WORK TASK:
What you give back must match the data exactly, minus the pictures.

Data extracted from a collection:
****

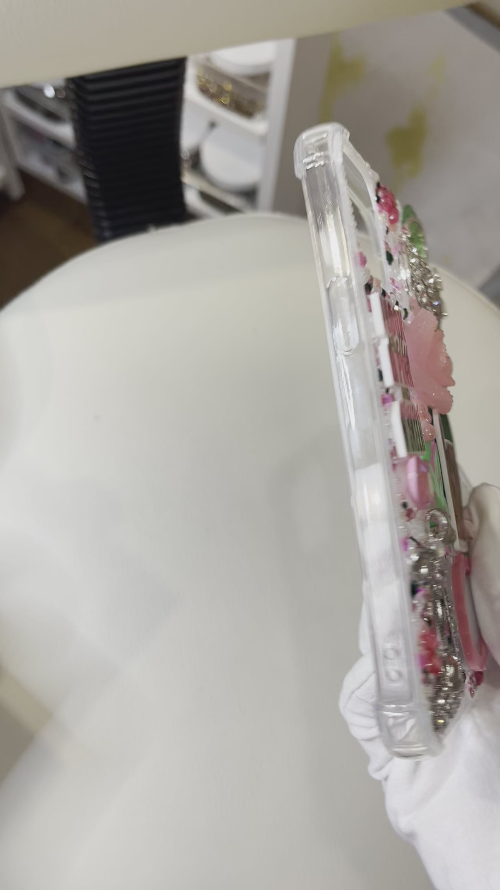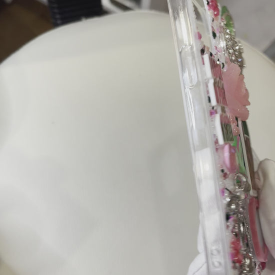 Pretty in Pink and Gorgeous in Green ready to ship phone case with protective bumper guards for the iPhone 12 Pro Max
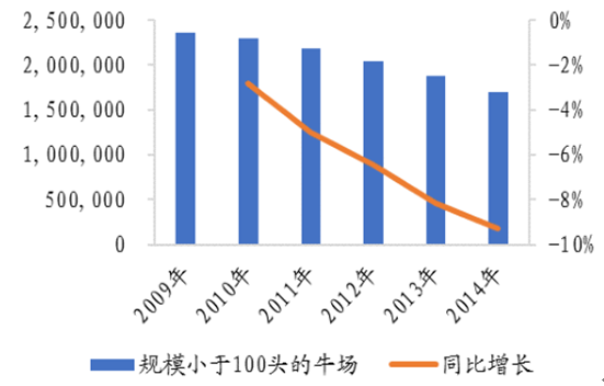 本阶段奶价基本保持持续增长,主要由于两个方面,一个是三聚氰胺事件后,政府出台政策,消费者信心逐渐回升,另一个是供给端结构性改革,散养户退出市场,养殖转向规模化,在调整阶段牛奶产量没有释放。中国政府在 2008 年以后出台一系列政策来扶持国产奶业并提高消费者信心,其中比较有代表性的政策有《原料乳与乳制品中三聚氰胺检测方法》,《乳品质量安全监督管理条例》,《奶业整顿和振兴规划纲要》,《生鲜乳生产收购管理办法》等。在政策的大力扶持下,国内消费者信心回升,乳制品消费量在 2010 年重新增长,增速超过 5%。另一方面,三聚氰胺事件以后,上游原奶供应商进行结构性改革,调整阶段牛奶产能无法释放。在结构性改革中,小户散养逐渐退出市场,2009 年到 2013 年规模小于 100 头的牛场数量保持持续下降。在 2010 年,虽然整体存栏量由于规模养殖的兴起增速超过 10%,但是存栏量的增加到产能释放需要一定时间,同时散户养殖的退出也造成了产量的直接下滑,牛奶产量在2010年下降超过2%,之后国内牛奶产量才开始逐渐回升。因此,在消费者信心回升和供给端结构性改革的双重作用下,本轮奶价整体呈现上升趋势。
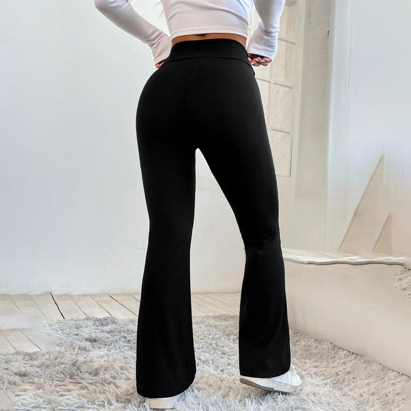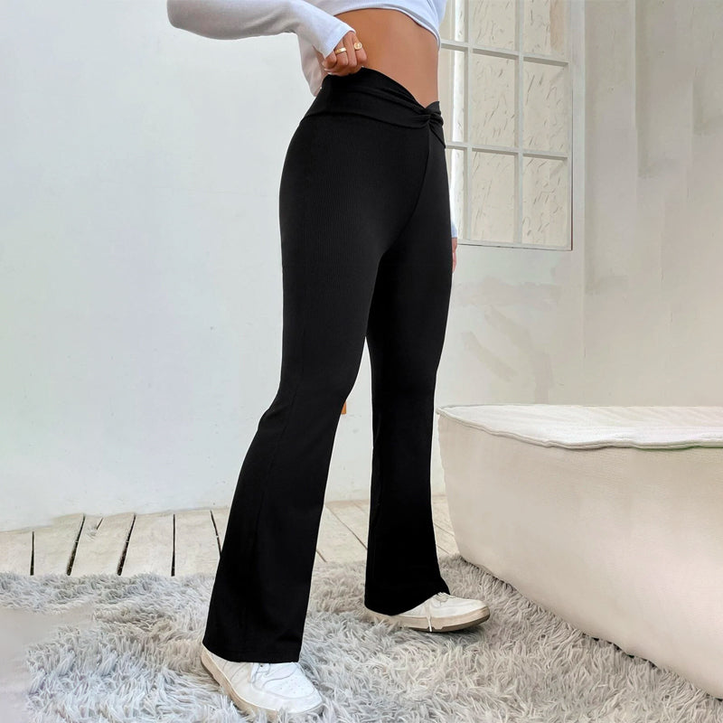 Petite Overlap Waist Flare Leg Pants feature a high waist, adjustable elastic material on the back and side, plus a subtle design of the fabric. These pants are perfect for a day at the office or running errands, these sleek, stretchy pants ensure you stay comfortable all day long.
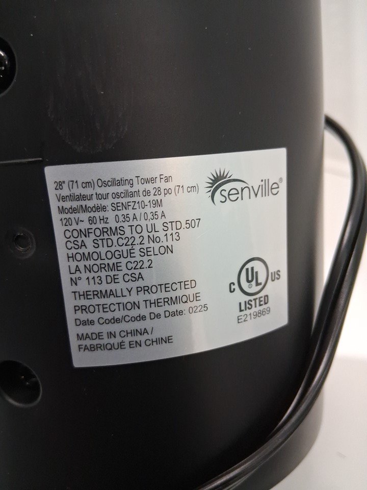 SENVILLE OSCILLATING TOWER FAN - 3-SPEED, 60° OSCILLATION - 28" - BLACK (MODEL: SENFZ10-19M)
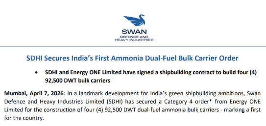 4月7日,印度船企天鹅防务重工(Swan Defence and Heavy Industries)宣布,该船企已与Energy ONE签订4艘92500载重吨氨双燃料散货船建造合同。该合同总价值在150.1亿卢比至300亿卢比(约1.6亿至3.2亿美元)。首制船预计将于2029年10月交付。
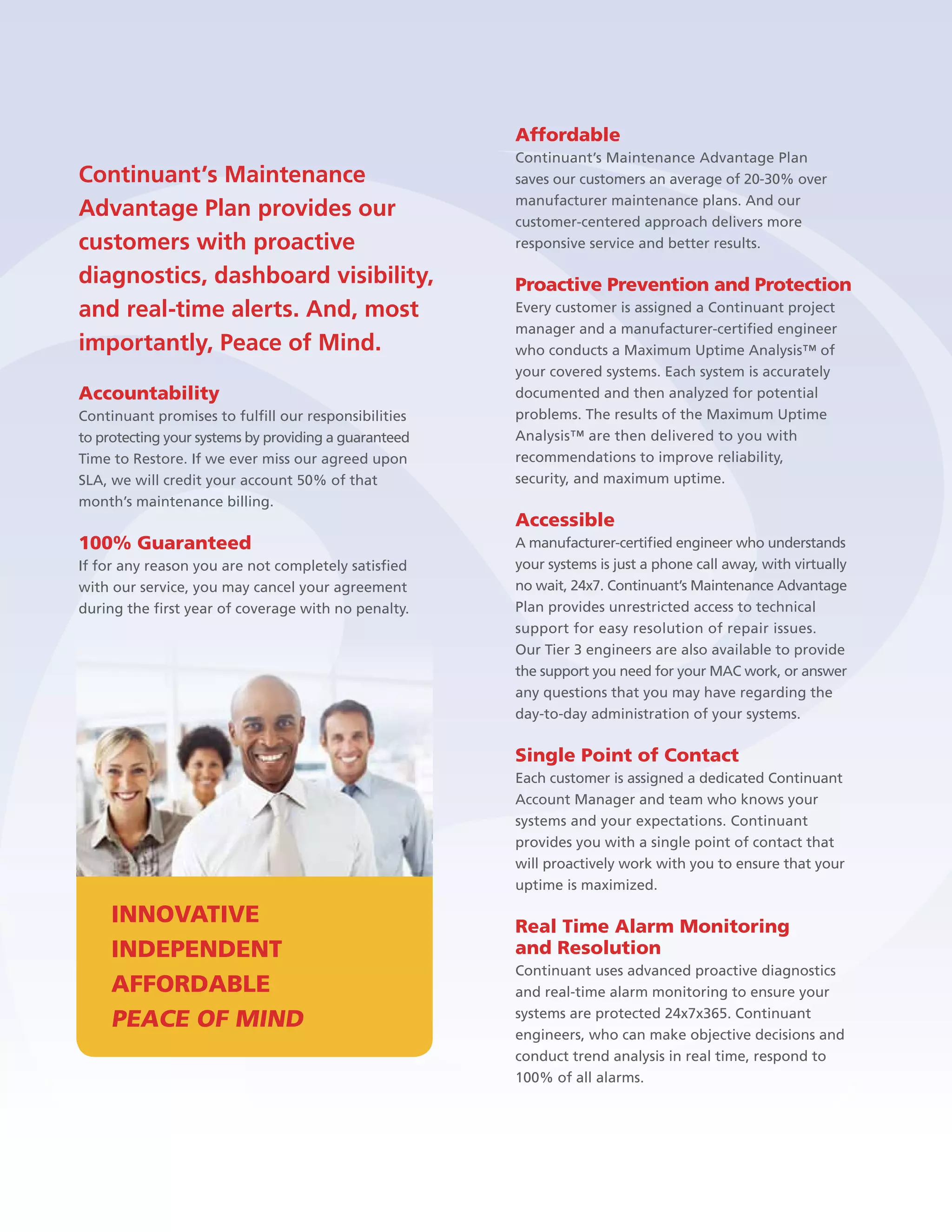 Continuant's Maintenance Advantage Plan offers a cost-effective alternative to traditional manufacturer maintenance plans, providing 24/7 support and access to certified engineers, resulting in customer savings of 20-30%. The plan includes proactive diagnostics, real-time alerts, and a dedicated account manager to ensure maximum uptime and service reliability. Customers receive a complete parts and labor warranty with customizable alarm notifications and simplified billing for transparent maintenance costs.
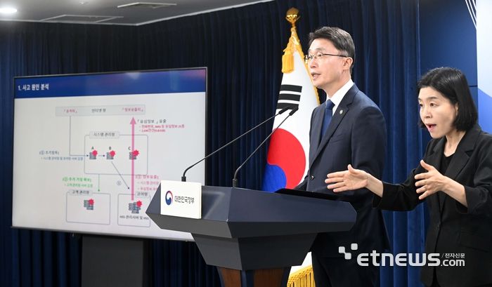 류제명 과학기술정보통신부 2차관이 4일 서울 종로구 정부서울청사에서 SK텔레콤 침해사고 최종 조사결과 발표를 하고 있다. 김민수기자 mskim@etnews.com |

****

EXERCISE OUTPUT:
 Pretty in Pink and Gorgeous in Green ready to ship phone case with protective bumper guards for the iPhone 12 Pro Max
 本阶段奶价基本保持持续增长,主要由于两个方面,一个是三聚氰胺事件后,政府出台政策,消费者信心逐渐回升,另一个是供给端结构性改革,散养户退出市场,养殖转向规模化,在调整阶段牛奶产量没有释放。中国政府在 2008 年以后出台一系列政策来扶持国产奶业并提高消费者信心,其中比较有代表性的政策有《原料乳与乳制品中三聚氰胺检测方法》,《乳品质量安全监督管理条例》,《奶业整顿和振兴规划纲要》,《生鲜乳生产收购管理办法》等。在政策的大力扶持下,国内消费者信心回升,乳制品消费量在 2010 年重新增长,增速超过 5%。另一方面,三聚氰胺事件以后,上游原奶供应商进行结构性改革,调整阶段牛奶产能无法释放。在结构性改革中,小户散养逐渐退出市场,2009 年到 2013 年规模小于 100 头的牛场数量保持持续下降。在 2010 年,虽然整体存栏量由于规模养殖的兴起增速超过 10%,但是存栏量的增加到产能释放需要一定时间,同时散户养殖的退出也造成了产量的直接下滑,牛奶产量在2010年下降超过2%,之后国内牛奶产量才开始逐渐回升。因此,在消费者信心回升和供给端结构性改革的双重作用下,本轮奶价整体呈现上升趋势。
 Petite Overlap Waist Flare Leg Pants feature a high waist, adjustable elastic material on the back and side, plus a subtle design of the fabric. These pants are perfect for a day at the office or running errands, these sleek, stretchy pants ensure you stay comfortable all day long.
 SENVILLE OSCILLATING TOWER FAN - 3-SPEED, 60° OSCILLATION - 28" - BLACK (MODEL: SENFZ10-19M)
 4月7日,印度船企天鹅防务重工(Swan Defence and Heavy Industries)宣布,该船企已与Energy ONE签订4艘92500载重吨氨双燃料散货船建造合同。该合同总价值在150.1亿卢比至300亿卢比(约1.6亿至3.2亿美元)。首制船预计将于2029年10月交付。
 Continuant's Maintenance Advantage Plan offers a cost-effective alternative to traditional manufacturer maintenance plans, providing 24/7 support and access to certified engineers, resulting in customer savings of 20-30%. The plan includes proactive diagnostics, real-time alerts, and a dedicated account manager to ensure maximum uptime and service reliability. Customers receive a complete parts and labor warranty with customizable alarm notifications and simplified billing for transparent maintenance costs.
 류제명 과학기술정보통신부 2차관이 4일 서울 종로구 정부서울청사에서 SK텔레콤 침해사고 최종 조사결과 발표를 하고 있다. 김민수기자 mskim@etnews.com |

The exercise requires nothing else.